Koniag IT Systems, LLC
, a Koniag Government Services company, is seeking a Scientific Subject Matter Expert II to support KITS and our government customer in Silver Spring, MD. This position requires the candidate to be able to obtain a Public Trust. This position is for a Future New Business Opportunity.

We offer competitive compensation and an extraordinary benefits package including health, dental, and vision insurance, 401(k) with company matching, flexible spending accounts, paid holidays, three weeks paid time off, and more.

Koniag IT Systems is seeking an exceptional Scientific Subject Matter Expert II to provide specialized expertise in researching and analyzing complex scientific and medical information. This position requires an advanced degree in a relevant field and a proven track record of excellence in abstracting data from regulatory applications and scientific reports.

The Subject Scientific Subject Matter Expert II will play a pivotal role in our operations, leveraging their deep subject matter expertise to conduct comprehensive research, analyze intricate scientific data, and communicate findings to FDA staff and stakeholders. The primary responsibilities of this role include:

• Perform in-depth research and analysis of complex scientific and medical information from regulatory applications, reports, and other authoritative sources
• Abstract and synthesize key data, insights, and findings from scientific documentation and studies
• Lead projects and initiatives focused on scientific research, data analysis, and report generation
• Draft detailed reports and presentations, effectively communicating technical information to FDA staff and subject matter experts
• Serve as a subject matter authority, providing guidance and expertise to cross‑functional teams
• Collaborate with stakeholders to ensure accurate interpretation and effective dissemination of scientific findings

Education: Advanced degree (master’s degree or higher) in a medical, life sciences, or closely related field.

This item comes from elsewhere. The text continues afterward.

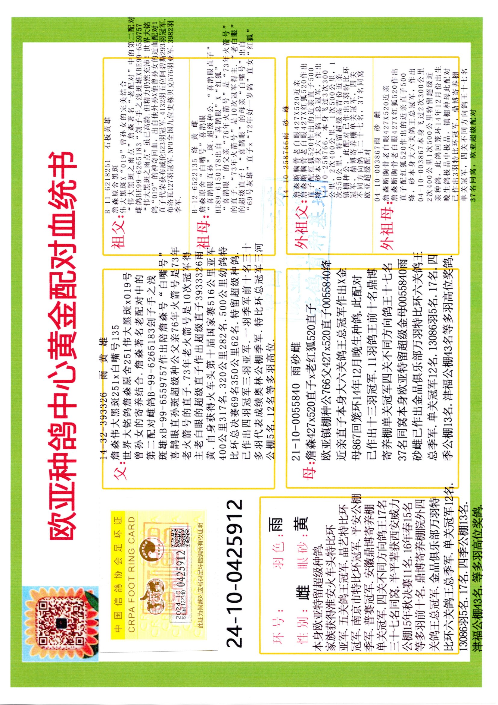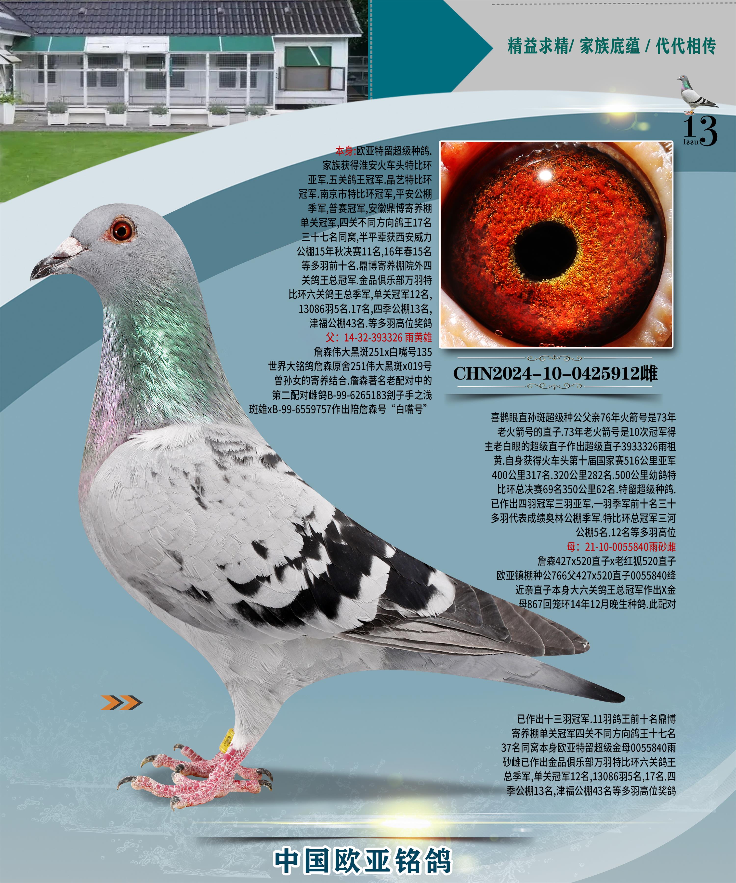 24年秋南京特比環(huán)歐亞榮獲大團(tuán)體冠軍.小團(tuán)體冠軍551公里大特比13名.14名.16名.19名.20名.21名.24名.26名.27名.28名.42名.52名.54名.57名.65名.66名.68名.70名.71名.72名.74名.76名.80名.82名.83名.84名.85名.86名.90名.92名.110名.116名.121名.122名.128名.131名.158名.161名.164名.165名.166名.172名.174名.177名.182名.195名.196名.201名.205名.208名.210名.216名.253名.269名.275名.276名.294名.296名.299名,,24年秋云南天南銅都公棚決賽415名.天南銅都小棚決賽409名.云南玉活公棚決賽102名.490名.團(tuán)體32名上籠二羽進(jìn)二羽,天南銅都大棚506公里決賽445名。熱烈祝賀河北省巨鹿縣李蘭生老師用歐亞泰山號血系連續(xù)十一年奪冠軍,河北省國家賽冠軍.全國季軍等多次前十名高位,揚(yáng)州王軍王總用歐亞利奧24年春季獲山東翔宇公棚決賽33名蓋比53名。南京劉正龍劉總用歐亞蓋比獲得24年秋山東濰坊國際公棚決賽42名.精英賽30名.三關(guān)鴿王71名.決賽86名.加站賽16名.南京市特比環(huán)A組鴿王9名.B組鴿王5名.6名.C組鴿王5名.精英賽冠軍4名.技能賽A組冠軍4名.5名.秦淮區(qū)特比環(huán)榮獲15名.46名.48名.87名。四川西昌徐亮徐總用歐亞利奧獲得涼山州聚友決賽177名.第二關(guān)亞軍雙關(guān)鴿王19名.三關(guān)鴿王105名.云南豪庭公棚決賽603名。熱烈祝賀24年四川重慶翔園鴿舍用歐亞泰山號榮獲春季400公里冠軍.秋季500公里冠軍,河北王總用詹森X利奧獲得千羽千翔公棚400公里冠軍,廣東蔡楷煥榮獲24年秋愛好者 賽鴿俱樂部三關(guān)鴿王季軍.一關(guān)420公里99名.二關(guān)450公里11名.三關(guān)520公里32名.單關(guān)季軍.7名.12名,江西李衛(wèi)興榮獲貴州紅楓公棚8名.共翔俱樂部寄養(yǎng)棚四關(guān)綜合鴿王30名.一關(guān)400公里78名.二關(guān)500公里55名.三關(guān)520公里37名.四關(guān)500公里57名.同父母獲公棚18名.雷鳴獲得武漢黃浦育翔中心冠軍,四川陳文獲得四川明鴻俱樂部300公里夢幻2名.3名.4名.9名.10名.13名.14名.15名.31名.34名.40名.41名.42名.43名.69名.71名.72名.73名.74名.94名.95名.97名.98名.99名.419公里決賽榮獲總冠軍7名.總共歸巢9羽,四川徐亮獲豪庭決賽603名,山西鄭勇獲得山西泰鑫公棚決賽255名詹森紅狐,熱烈祝賀馬總獲得開爾(飛躍隊(duì))決賽9名獲獎金1310000萬元.第一關(guān)52名,天津津福資賽180公里96名.獲獎金429543萬元,歐亞支持全國鴿友24年秋多人報(bào)喜 祝大家取得更好成績,給歐亞報(bào)喜鴿友歐亞決定給每人贈送一羽超級種鴿。歐亞俱樂部特比環(huán)多關(guān)鴿王成績:15年秋淮安特比環(huán)黑色星期一全會上籠9700多羽,當(dāng)天無鴿歸巢,第二天全會歸巢357羽,本舍歸巢158羽.前十名八羽.前一百名歸巢57羽,16年春季獲五關(guān)鴿王總冠軍,總亞軍四名.六名.七名.九名.十名.晶藝俱樂部520公里冠亞季軍5名.6名.7名.9名.11名等,火車頭冠軍.季軍6名.8名.9名.10名,16年秋晶藝俱樂部特比環(huán)520公里亞軍.季軍4名.6名.7名.9名,15年春南京白下特比環(huán)冠軍.亞軍.季軍6名.7名.8名.9名.10名.指定鴿A B組獲得冠軍.亞軍.季軍4名.5名.,17年淮安特比環(huán)亞軍.4名.5名.7名.8名.10名.六關(guān)鴿王總冠軍.4名.6名.9名.10名,寄養(yǎng)棚宿遷劉總20羽特比環(huán)獲冠軍.季軍.4名.7名.8名.9名等。18年榮獲萬羽特比環(huán)六關(guān)鴿王總冠軍.總亞軍.總季軍.6名.8名.十名.單關(guān)四羽冠軍.二羽亞軍.四羽季軍.前十名27羽。19年秋萬羽特比環(huán)六關(guān)鴿王總亞軍.總季軍.5名.8名等,單關(guān)二羽冠軍.三羽亞軍.一羽季軍前十名31羽。20年秋淮安市鴿會四關(guān)特比環(huán)大賽風(fēng)雨無阻鴿王亞軍.鴿王六名,金品俱樂部萬羽特比環(huán)六關(guān)鴿王總冠軍,總亞軍.四名.五名.六名.七名.八名.十名.前二百名鴿王35羽,單關(guān)冠亞季軍前十名四十多羽,火車頭五關(guān)鴿王季軍.六名.八名.前二百名鴿王十七羽。20年春榮獲淮安五區(qū)一市四關(guān)鴿王總冠軍.亞軍.四名.八名.九名。21年秋榮獲金品萬羽特比環(huán)大賽六關(guān)鴿王總亞軍.總季軍.四名.七名.九名.十名.單關(guān)冠亞軍季軍前十名三十多羽。火車頭協(xié)會鴿王六名.七名.十名.單關(guān)前十名十七羽。22年秋榮獲鴿王總冠軍.總亞軍.5名.7名.8名.9名.11名.單關(guān)冠亞季軍前十名三十多羽,第一關(guān)單關(guān)前二百名四十多羽,第二關(guān)前二百名三十多羽,第三關(guān)前二百名四十多羽,第四關(guān)前二百名四十多羽,第五關(guān)前一百名53羽。23年秋榮獲鴿王季軍.五名.八名.十名.13名.17名.20名.27名等多羽鴿王.單關(guān)前十名二十多羽。公棚.寄養(yǎng)棚部分成績:16年秋寧夏黃河公棚總冠軍電腦戈馬力指定通炮冠軍,17年送八羽參賽獲得鴿王八名進(jìn)獎四名,支持韓總榮獲八名。支持鴿友榮獲寧夏中衛(wèi)公棚決賽總冠軍.精英賽冠軍,支持18年寧夏黃河公棚決賽冠軍詹森X泰山。安徽鼎博寄養(yǎng)棚院內(nèi)外四關(guān)鴿王總冠軍.鴿王十七名.三十七名同窩,鴿王39名.42名.58名.67名。18年山東公棚預(yù)賽冠軍.決賽65名.送八羽進(jìn)獎五羽.指定獲奔馳汽車一輛。支持鴿友獲得云南藍(lán)云公棚冠軍.蓋比X佛卡門。支持鴿友榮獲云南銀集公棚決賽冠軍 詹森427X520血系 速度賽6700羽冠軍。17年榮獲金馬俱樂部寄養(yǎng)棚四關(guān)鴿王總冠軍.季軍.六名.八名.第一關(guān)冠軍.亞軍.季軍四名.七名.十一名.金

• Extensive expertise in researching and abstracting complex scientific and medical information from regulatory applications and scientific reports
• Experience leading projects, drafting reports, and presenting information to FDA staff or similar audiences (preferred)
• Exceptional research and analytical abilities, with a proven track record of synthesizing complex scientific and medical data
• Superb written and verbal communication skills, with the ability to convey technical information clearly and effectively
• Strong project management and leadership capabilities
• Proficiency in relevant scientific software, databases, and research tools
• Meticulous attention to detail and commitment to accuracy
• Ability to collaborate effectively with cross‑functional teams and stakeholders
• Ability to obtain a Public Trust

• Doctoral degree in a relevant field (e.g., life sciences, medical sciences, pharmacology)
• Experience in a regulated industry or government environment, with familiarity of FDA regulations and guidelines
• Expertise in specific scientific or medical domains such as biotechnology, clinical research, drug development
• Certifications or specialized training in areas such as medical writing, regulatory affairs, or scientific communication
• Strong presentation and public speaking abilities

The company is an equal opportunity employer. The company shall not discriminate against any employee or applicant because of race, color, religion, creed, sex, sexual orientation, gender, or gender identity (except where gender is a bona fide occupational qualification), national origin, age, disability, military/veteran status, marital status, genetic information, or any other factor protected by law. We are committed to equal employment opportunity in all decisions related to employment, promotion, wages, benefits and all other privileges, terms, and conditions of employment.

Equal Opportunity Employer/Veterans/Disabled. Shareholder Preference in accordance with Public Law 88‑352.